Q: It would seem that ... not all misdemeanor arrests ... are weighted the same in your judgment. 

A: You are correct in that not all incidents can be viewed in the same light. Their are facts that are specific to each case that when you look at the totality of the information a decision is made as to suitability. 

Q: Given that the possession of a small amount of marijuana in Massachusetts has been decriminalized, could a person who is fined for (possessing) an ounce or less of marijuana be disqualified for an LTC in Worcester. 

A: A person that was arrested for a small amount of marijuana would not be summarily disqualified from obtaining an LTC. 

Q: As you know, kids can't choose their siblings and parents can't always prevent their children from acting stupidly or criminally. As such, could an LTC be denied to a person who grew up in a home with a sibling who is a felon, or to a parent who has a child with a criminal history? 

A: Same as with marijuana, a person with a clean record would not be disqualified because of their relationship with a person with a criminal record. 

There would need to be some other factual information that would justify a finding of being an unsuitable person for an LTC. The point to remember is that the licensing authority cannot be arbitrary, capricious or abuse their authority.

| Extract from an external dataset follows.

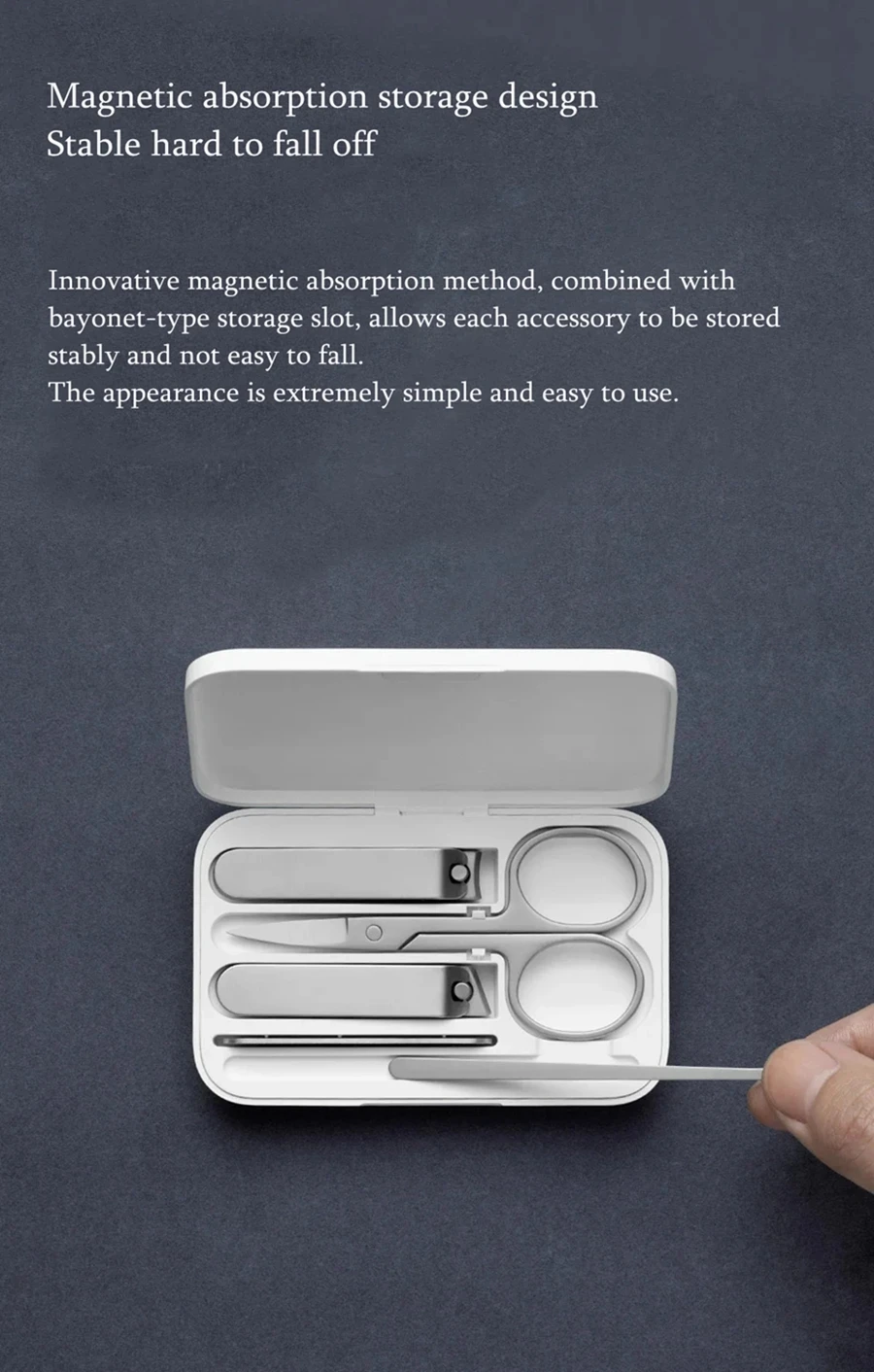 Бренд: XIAOMI MijiaМодель: MJZJD002QWМатериал: нержавеющая сталь 420430 + АБС-пластикЦвет: серебристыйКоличество: 5 шт.Угловой кусачки для ногтей размер 60, 9x11x ммЩипцы для ногтей с плоским ртом, размер x 11x ммКосметические ножницы размером 91,9x46,5x3,4 ммРазмер пилки для ногтей 59,1x11,6x1,2 ммРазмер наушников 89,7x5x2,9 ммКоробка для хранения размером 65x104x17,3 ммИсполнительный стандарт QB / T 1815-2002 DB44 / T 1836-2016

Every applicant denied has the right to a hearing in District Court.


----------



## wwonka (Dec 8, 2010)

The right path? 
I guess if your anti 2nd amendment. 
He is Getting sued by his former employee who he refuses to give a ltc back to after losing the legal battle. 

Total Bullshit. 



Sent from my DROIDX using Tapatalk 2


----------



## Nightstalker (Jul 25, 2006)

In my book.... Gun licensing should be easy. The state already set criteria that all applicants must adhere to in order to obtain an Ltc. If you meet them, you get an unrestricted Ltc... If you don't, then you are denied. Enough of the games. 

I don't get how you can be charged yet not convicted of a crime but he can use it against you. You are innocent until proven guilty or want an LTC?

Sent from my Nexus 7 using Tapatalk HD


----------



## wwonka (Dec 8, 2010)

Nightstalker said:


> I don't get how you can be charged yet not convicted of a crime but he can use it against you. You are innocent until proven guilty or want an LTC?


Or on the job.

Sent from my DROIDX using Tapatalk 2


----------



## Dan Stark (Aug 2, 2005)

Nice to see what civil rights you pick and choose to defend Clive. Fucking hypocrite.


----------



## Pvt. Cowboy (Jan 26, 2005)

Amazing how Clive seems to always, ALWAYS bash the WPD every chance he gets, but now he and Gemme are BFF's? Yah okayyyyy...


----------



## Mr Scribbles (Jul 7, 2012)

With an attitude like that he may be looking to lateral to Boston! He'd fit right in with the progressive agenda to keep guns out of the hands of legitimate citizens (but not criminals of course-that's bad for business and disenfranchises Demcratic voters)


----------



## Killjoy (Jun 23, 2003)

They sure spend a lot of time discussing marijuana possession in reference to getting an LTC....I wonder what's in his pockets?



> By identifying unsuitable individuals we keep firearms out of the hands of people who should not have them and by placing reasonable restrictions on an LTC we limit the times and places those gun can be legally carried.


This is the crux of what makes getting a LTC A unfair in Massachusetts. Without clear limits set on what a chief can deny a LTC for, a chief can deny a LTC for essentially anything. Some chiefs, like Boston, adopt this policy in the wrongheaded belief it will somehow stop crime, even though places like Boston have the worst gun crime in the commonwealth. I wonder where these attitudes come from, as one only has to spend a small amount of time on the streets to figure out that LTC holders are almost never the problem; its the illegal guns being wielded by criminals, who have no intention of following laws.


----------



## mpd61 (Aug 7, 2002)

This guy must have lunch once a week with Glidden....


----------